What’s new in Azure AI Language: BUILD 2024


At Azure AI Language, we believe that language is at the core of human and artificial intelligence. As part of Azure that offers a comprehensive suite of services and tools for AI developers, Azure AI Language is a service that empowers developers to build intelligent natural language solutions that leverage a set of state-of-the-art language models, including Z-Code++, fine-tuned GPT and more. While LLMs in Azure OpenAI and model catalog are good for general purposes, Azure AI Language provides a set of prebuilt and customizable natural language capabilities that are fine-tuned and optimized for a wide range of scenarios, such as Personal Identifier Information (PII) detection, document and conversation summarization, text analytics for healthcare domain, conversational intent identification, etc., with leading quality and cost efficiency.  These capabilities are available through a unified API that simplifies the integration and orchestration of natural language capabilities with no need of complex prompt engineering.

Today, we're thrilled to announce more new features and capabilities designed to make your workflow more seamless and efficient than ever before at this year's Microsoft Build with the following key highlights: 1) a unified experience for Azure AI Language in Azure AI Studio and improved integration with prompt flow, 2) improvements in existing prebuilt features such as Summarization, PII and NER, and 3) enhancements in custom features, especially in Conversational Language Understanding (CLU) to provide intent identification and entity extraction with higher quality in more regions.
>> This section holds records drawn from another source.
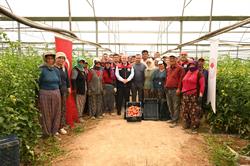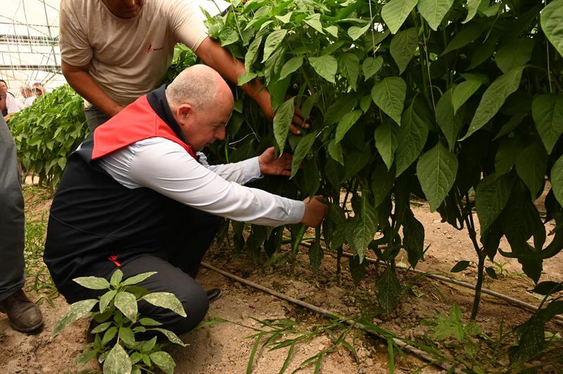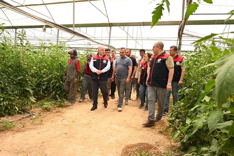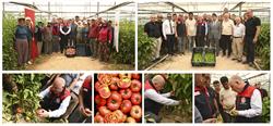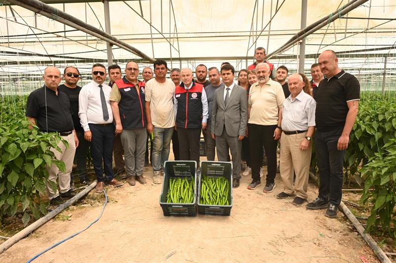 Ziyaret kapsamında, üretim yapılan 28 dekar biber ve 43 dekar domates seralarında ürün hasadına katıldı.
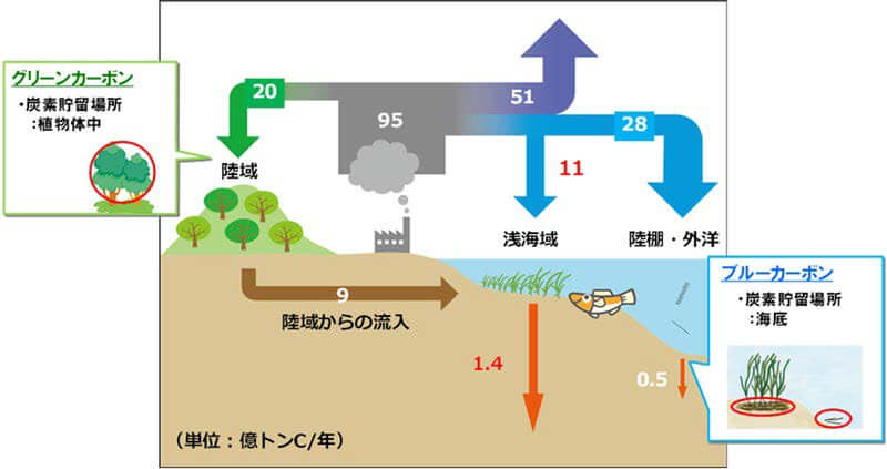 図1 全世界におけるグリーンカーボンとブルーカーボンの炭素循環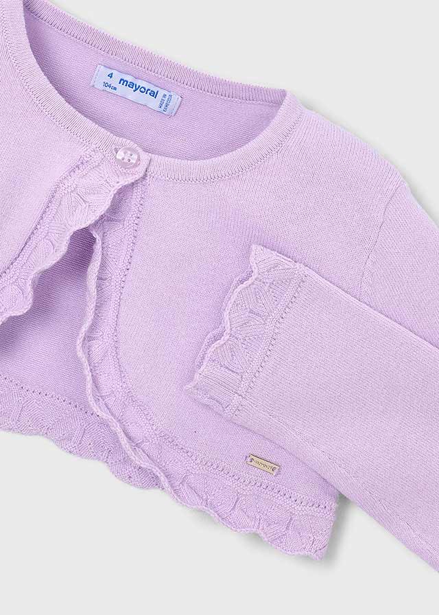 This girl basic knit bolero by Mayoral is a delicate and elegant layering piece, perfect for special occasions or everyday outfits. Designed in a soft lilac shade, it features a cropped silhouette with scalloped edging and a single-button fastening, making it ideal to wear over dresses or tops.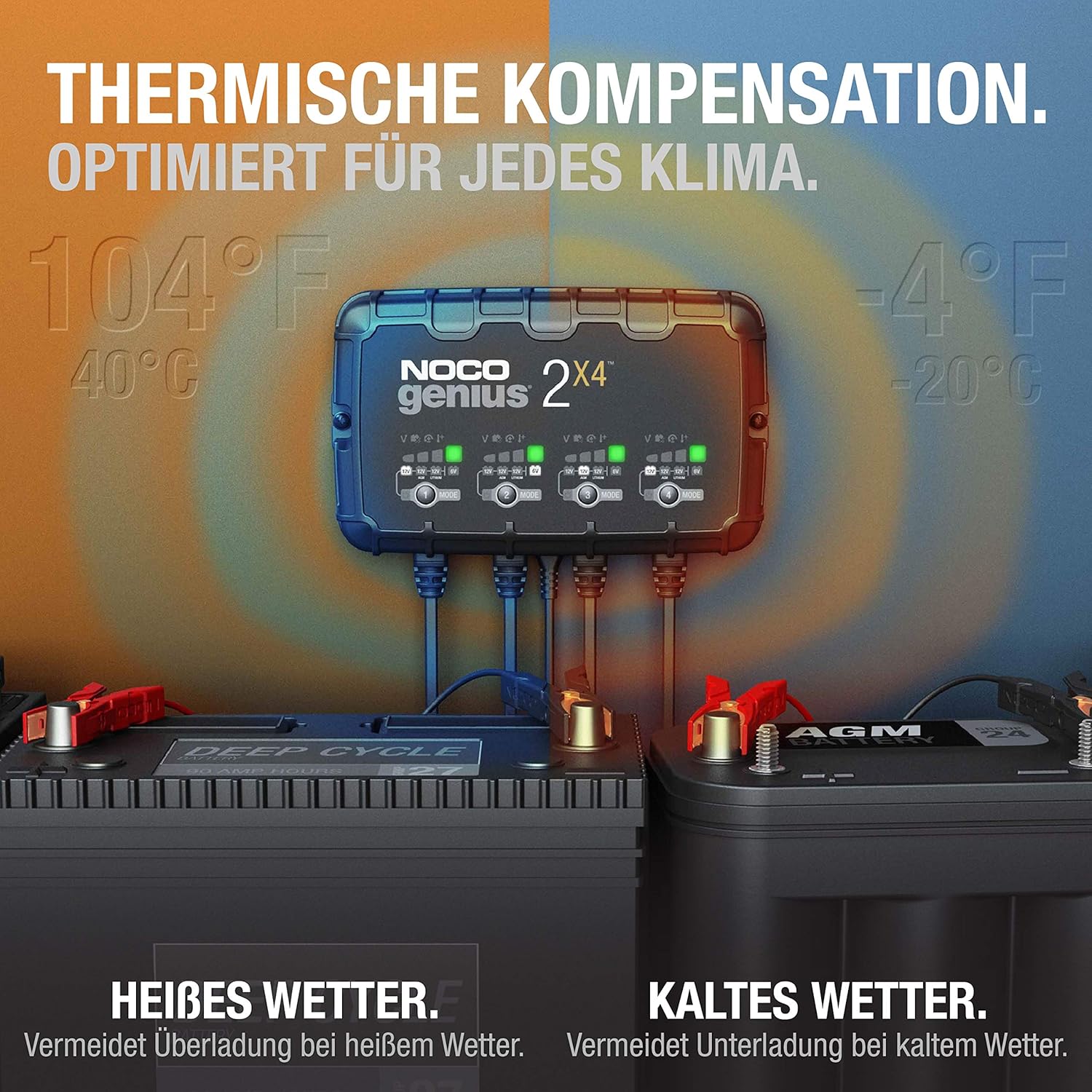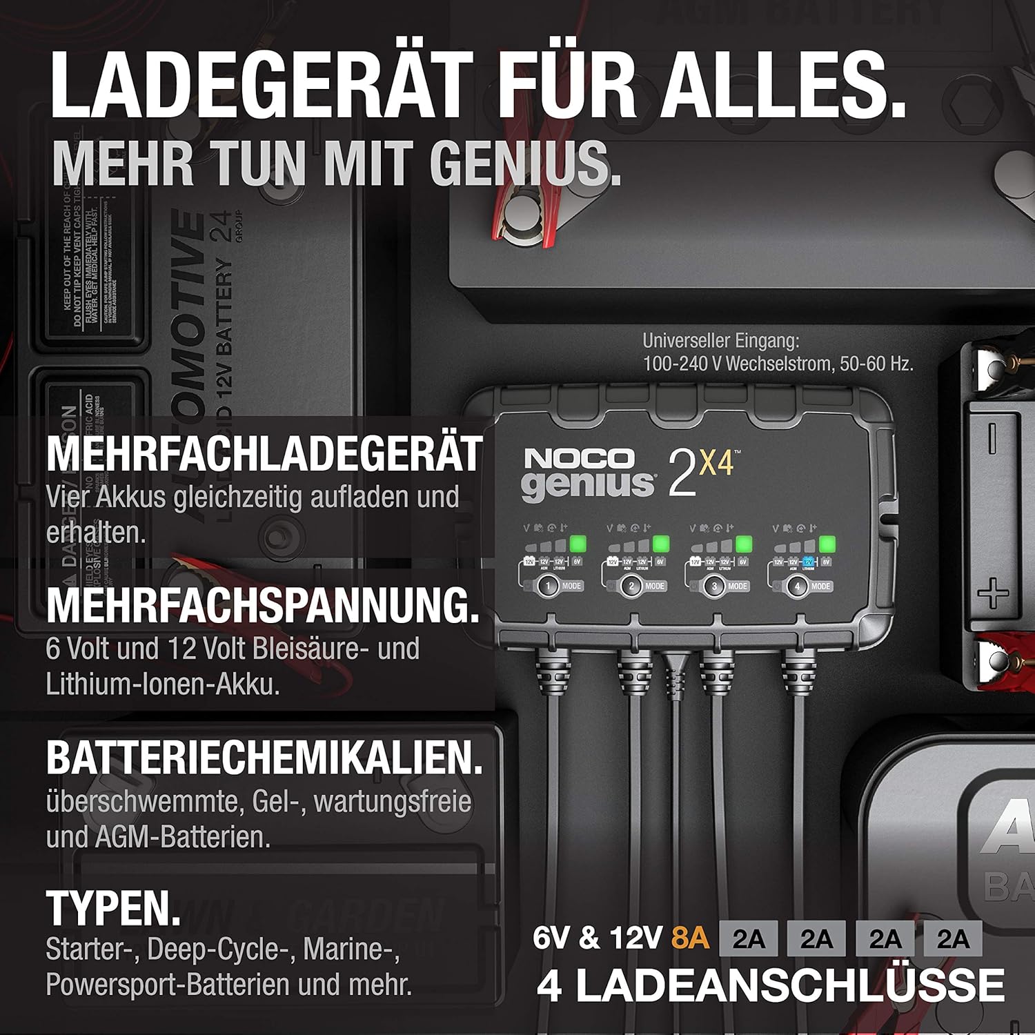 - LERNEN SIE DEN GENIUS2X4 KENNEN – Ein Vier-Banken-Batterieladegerät zum Laden mehrerer Batterien. Es ist die universelle All-in-One-Lösung für das gleichzeitige Laden von vier Batterien: Batterieladegerät, Batterieerhaltungsgerät, Batteriepfleger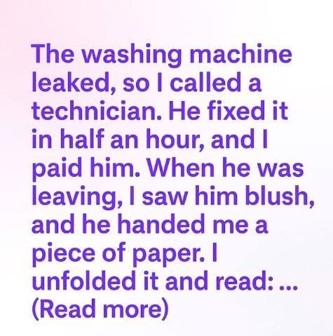 The washing machine leaked, so I called a technician. He fixed it in half an hour, and I paid him.

Azure AI Language now available in Azure AI Studio and prompt flow

As part of Azure AI services, Azure AI Language now supports the new Azure AI service resource type for prebuilt capabilities like summarization, Personally Identifiable Information (PII) detection, and many others. It lets you access all Azure AI services, including Language, Speech and Vision, etc., with one single resource, which makes it easier to integrate the AI capabilities from across Azure AI. In the next few months, we will also support the customization capabilities in Azure AI Language in Azure AI Studio.

We are excited to introduce Azure AI Language in Azure AI Studio with two new playgrounds for you to try out: Summarization and Personally Identifiable Information detection. Both help infuse generative AI into your solutions. In Azure AI Studio, you have more options to try out and explore use them effectively for your needs.


Prompt flow in Azure AI Studio is a development tool designed to streamline the entire development cycle of AI applications. We are happy to announce that Language's prompt flow tooling is now available in Azure AI prompt flow gallery. With that, you can explore and use various natural language processing features from Azure AI Language in prompt flow. You can quickly start to make use of Azure AI Language, reduce your time to value, and deploy solutions with reliable evaluation.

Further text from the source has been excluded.